EXERCISE =
From the first line to the last, repeat the data exactly but leave out the pictures.

GIVEN INFORMATION =
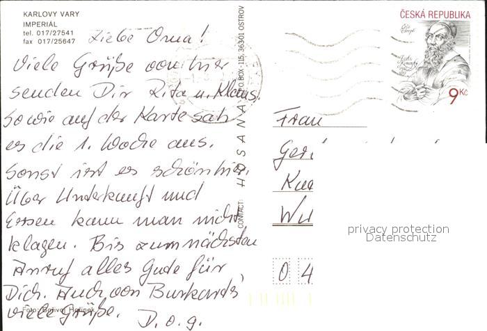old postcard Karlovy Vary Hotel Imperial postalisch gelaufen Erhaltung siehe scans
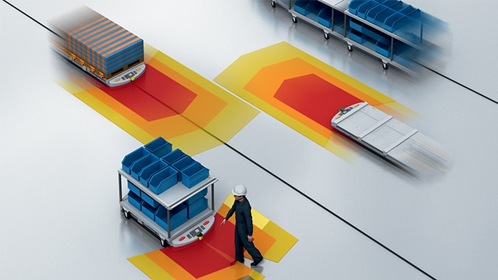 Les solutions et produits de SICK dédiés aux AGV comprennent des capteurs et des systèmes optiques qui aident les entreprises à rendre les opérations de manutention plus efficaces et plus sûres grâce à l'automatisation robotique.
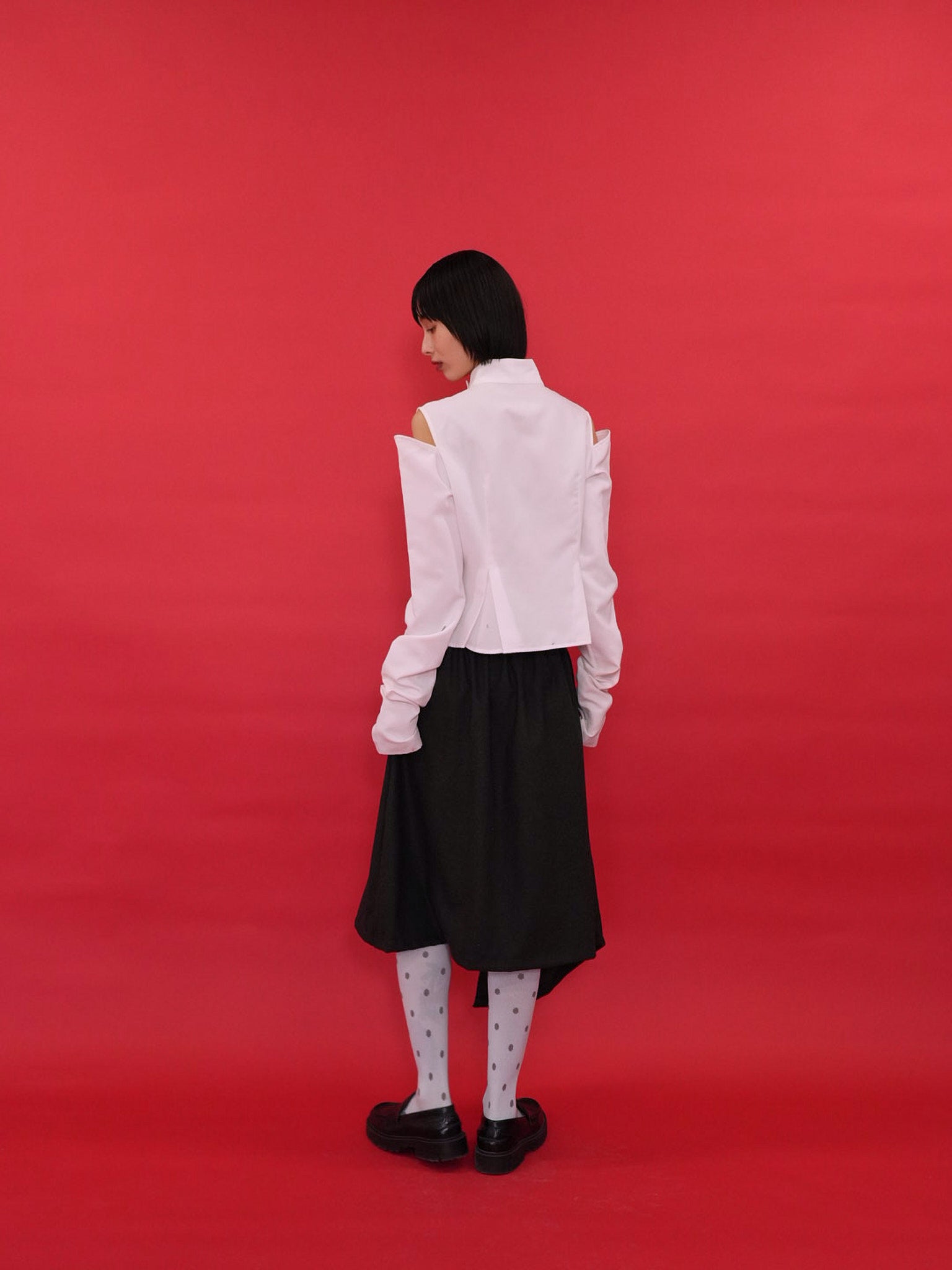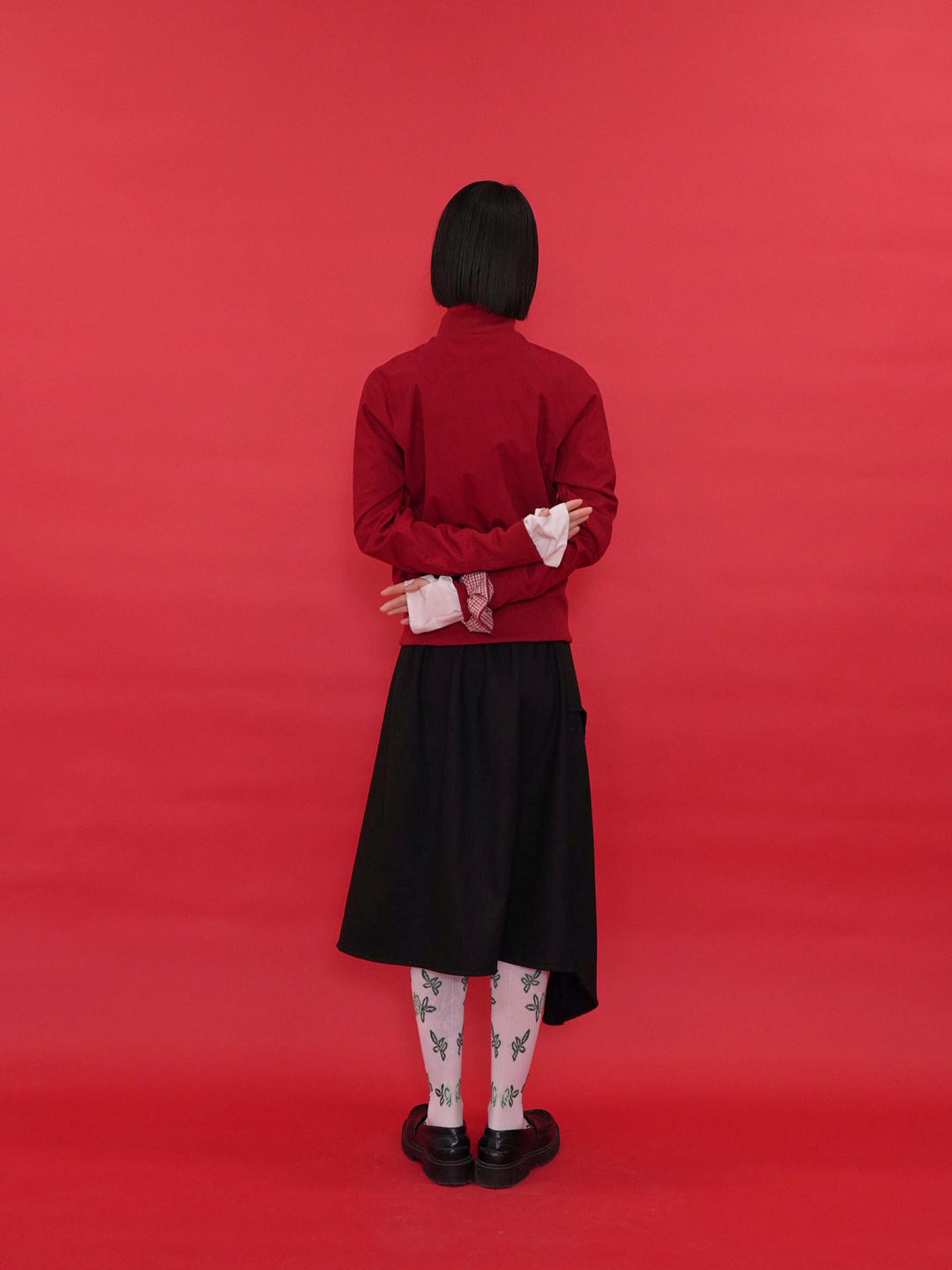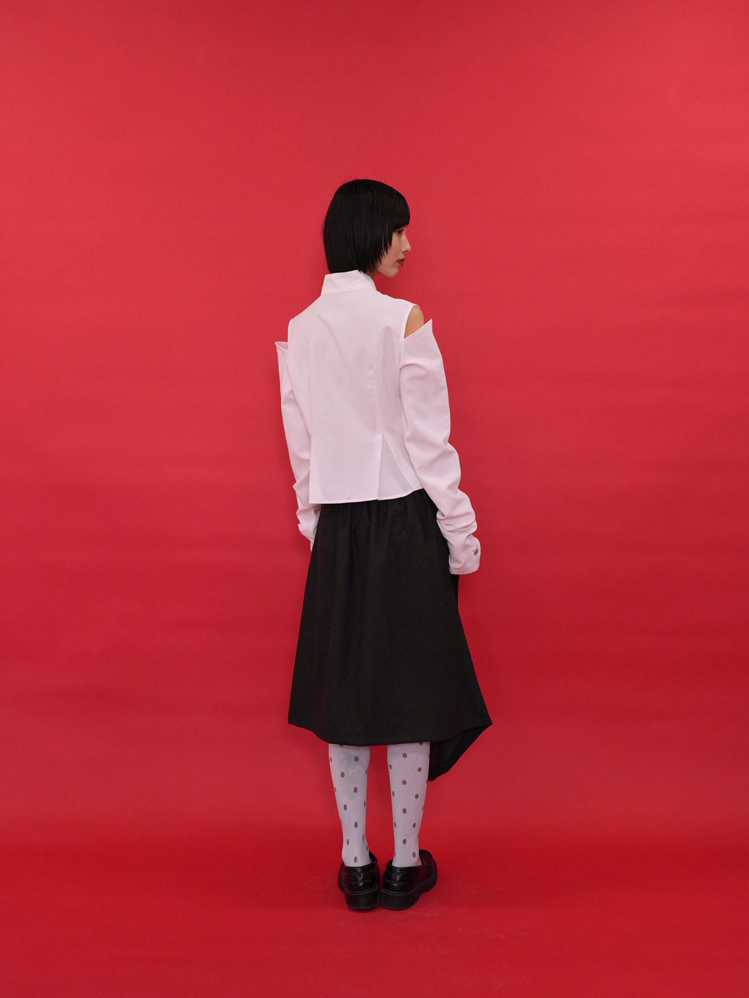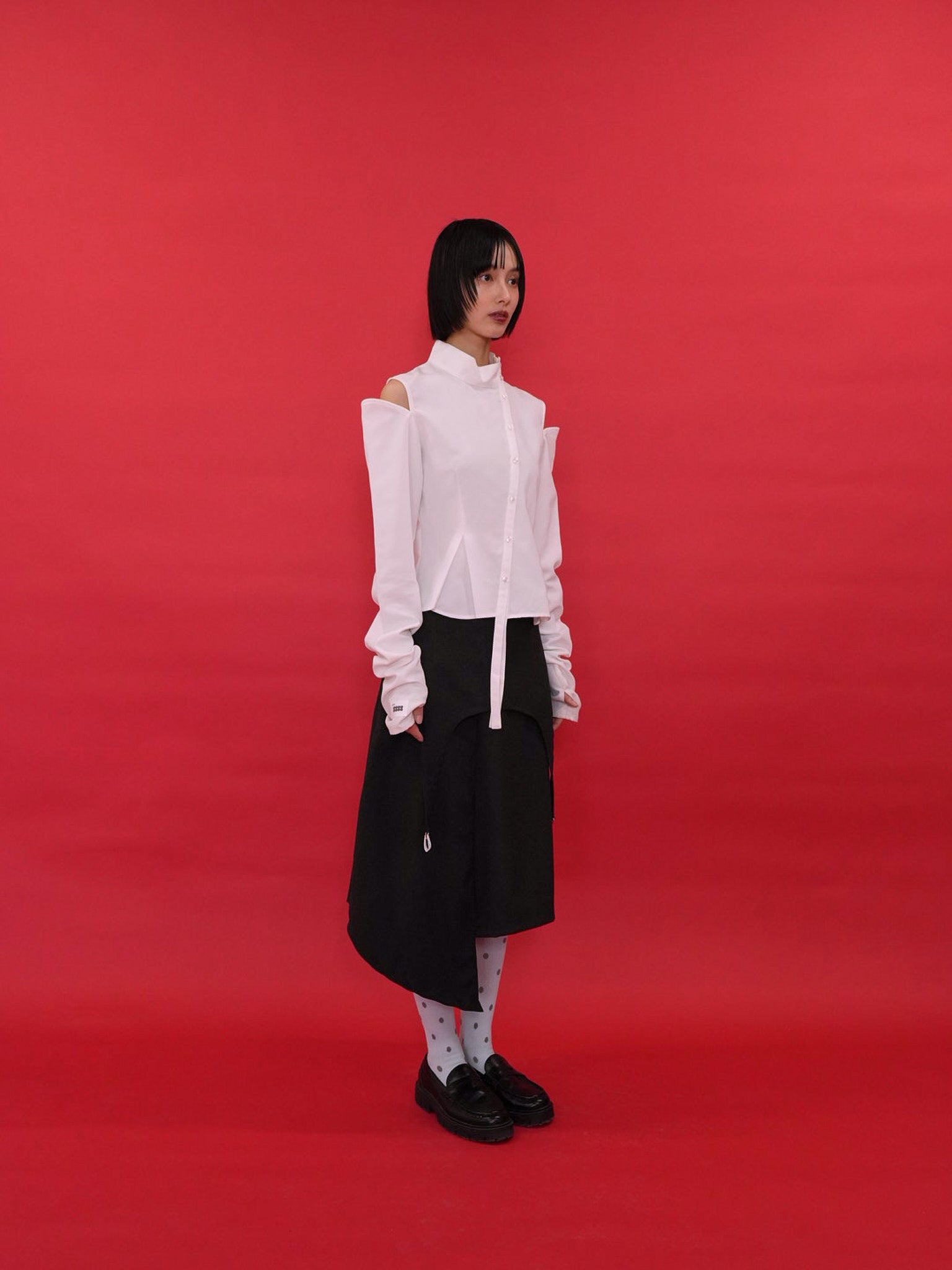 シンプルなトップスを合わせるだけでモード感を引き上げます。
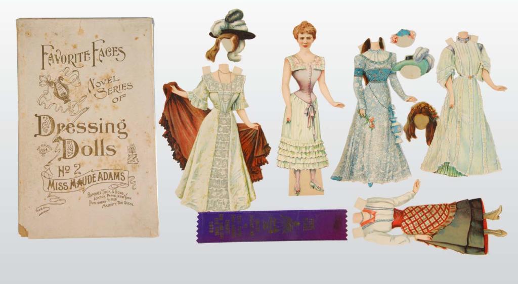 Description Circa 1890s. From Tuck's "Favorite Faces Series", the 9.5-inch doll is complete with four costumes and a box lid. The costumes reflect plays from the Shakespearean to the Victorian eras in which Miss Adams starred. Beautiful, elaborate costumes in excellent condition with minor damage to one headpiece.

RESULT =
old postcard Karlovy Vary Hotel Imperial postalisch gelaufen Erhaltung siehe scans
 Les solutions et produits de SICK dédiés aux AGV comprennent des capteurs et des systèmes optiques qui aident les entreprises à rendre les opérations de manutention plus efficaces et plus sûres grâce à l'automatisation robotique.
 シンプルなトップスを合わせるだけでモード感を引き上げます。
 Description Circa 1890s. From Tuck's "Favorite Faces Series", the 9.5-inch doll is complete with four costumes and a box lid. The costumes reflect plays from the Shakespearean to the Victorian eras in which Miss Adams starred. Beautiful, elaborate costumes in excellent condition with minor damage to one headpiece.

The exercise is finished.